Budaya diskusi, debat gagasan, mambaca dan menulis mahasiswa sudah jauh memudar. Hal itu dapat dilihat dari kualitas makalah yang dihasilkan. Hanya sedikit tulisan yang murni tulisan mahasiswa, kebanyakan adalah hasil copydari google, referensi ilmiah pun hanya seadanya. Diskusi pun terasa tak berkualitas, banyak mahasiswa yang ‘gagap’ saat ditanya dosen. Argumen mahasiswa pun hanya berdasarkan insting dan opini pribadi, jarang sekali yang bersandarkan pada pemikiran tokoh ahli atau argumen yang bersumber dari buku.
Secara infrastruktur, sarana edukasi mahasiswa begitu lengkap. Seperti gedung yang layak, teknologi yang makin canggih dan buku yang mudah didapatkan. Namun kualitas intelektual justru tertinggal.
Dahulu yang terkenal dari UIN Syarif Hidayatullah Jakarta adalah pemikiran Islam. Kampus ini dikenal sebagai gerbong pembaharuan Islam atau basis Islam moderat.

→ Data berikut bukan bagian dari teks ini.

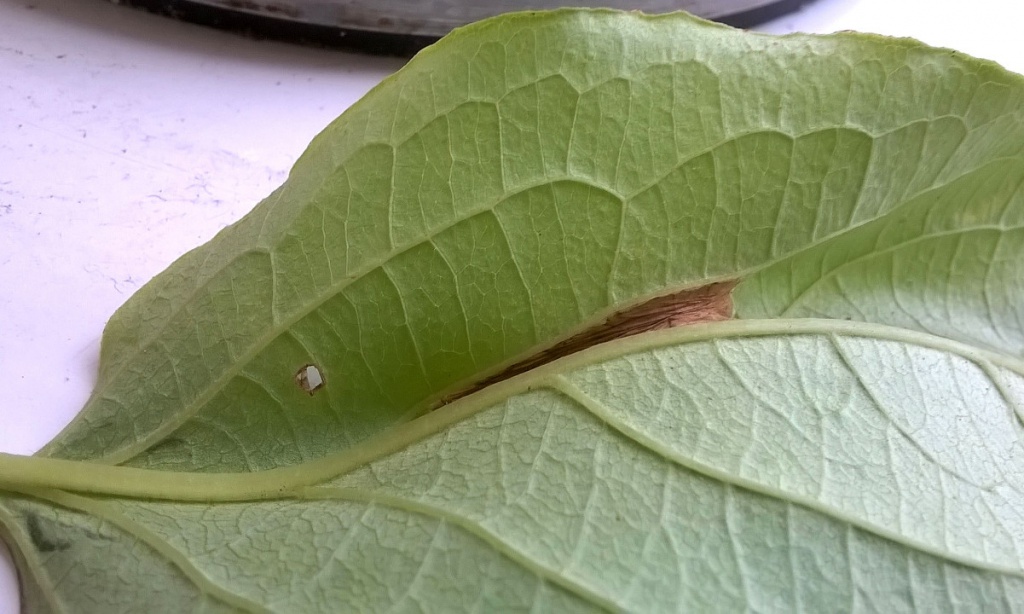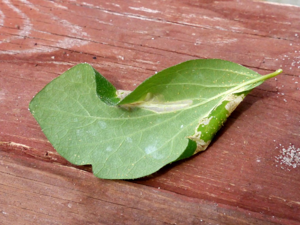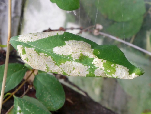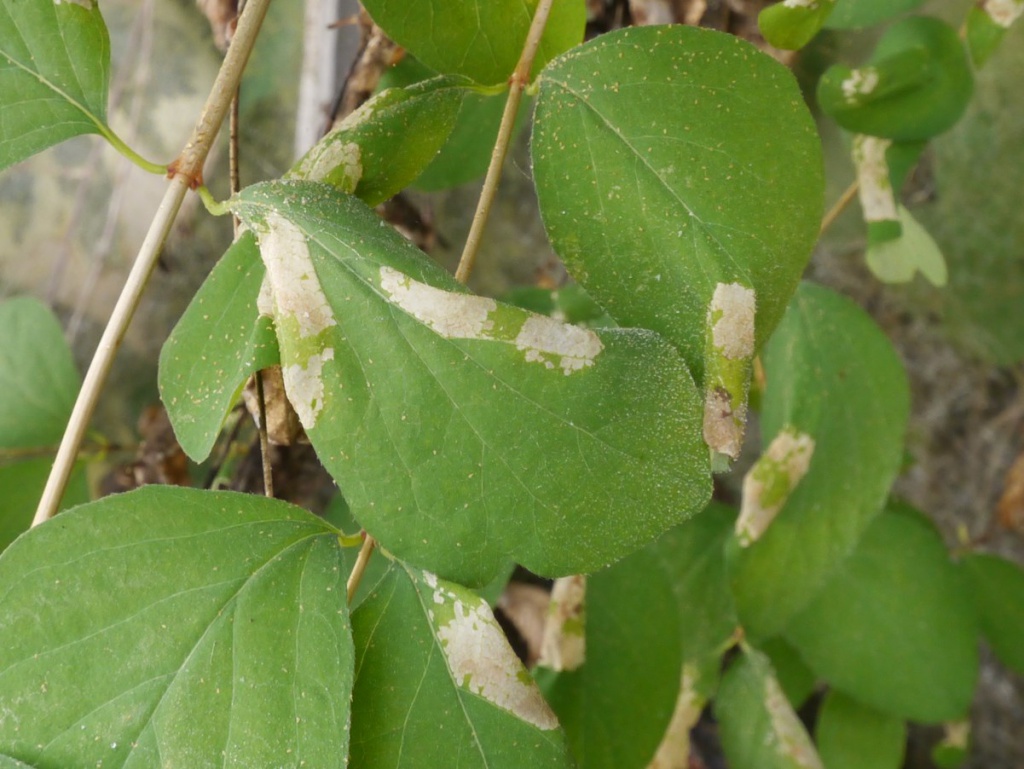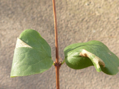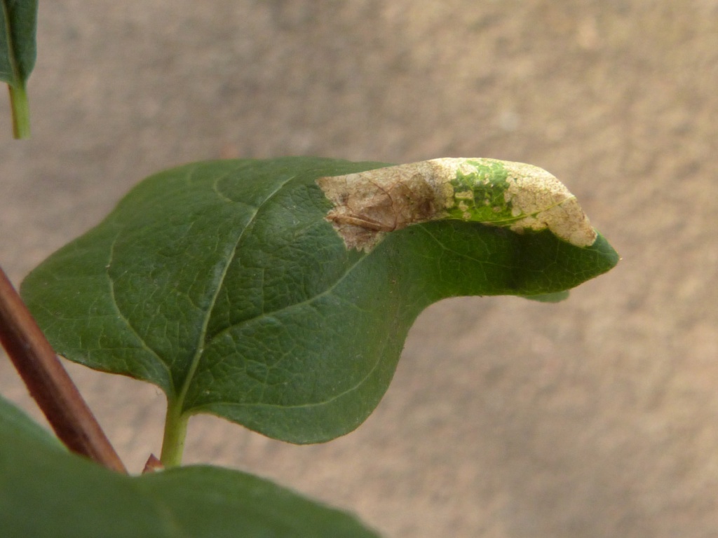 The larval foodplants are Honeysuckle, Snowberry and occasionally Leycesteria formosa. The underside mines formed are large and cause the leaf to become creased. Mines are found in July and again in September and October.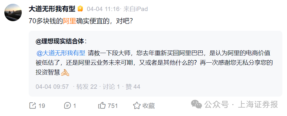 2024年,段永平大举买入阿里巴巴。今年4月初,在回答网友提问时,段永平曾表示“70多块钱的阿里确实便宜的,对吧”。

Bahkan dikenal istilah ‘Madzhab Ciputat.’ Sebut saja Harun Nasution, Nurcholish Madjid, Komarudin Hidayat, dan Azyumardi Azra. UIN Jakarta pun dikenal sebagai gudang para pengamat politik. Sebut saja Gun Gun Heryanto, Burhanudin Muhtadi, Ray Panguti, dsb.
Mereka semua tetap eksis dengan pemikiran-pemikiran. Mereka eksis di dunia maya, pemikiran mereka ramai diperbincangkan dan digunakan sebagai rujukan berbagai masalah keagamaan dan kebangsaan. Di dunia nyata, pemikiran mereka ikut membangun Islam dan Indonesia.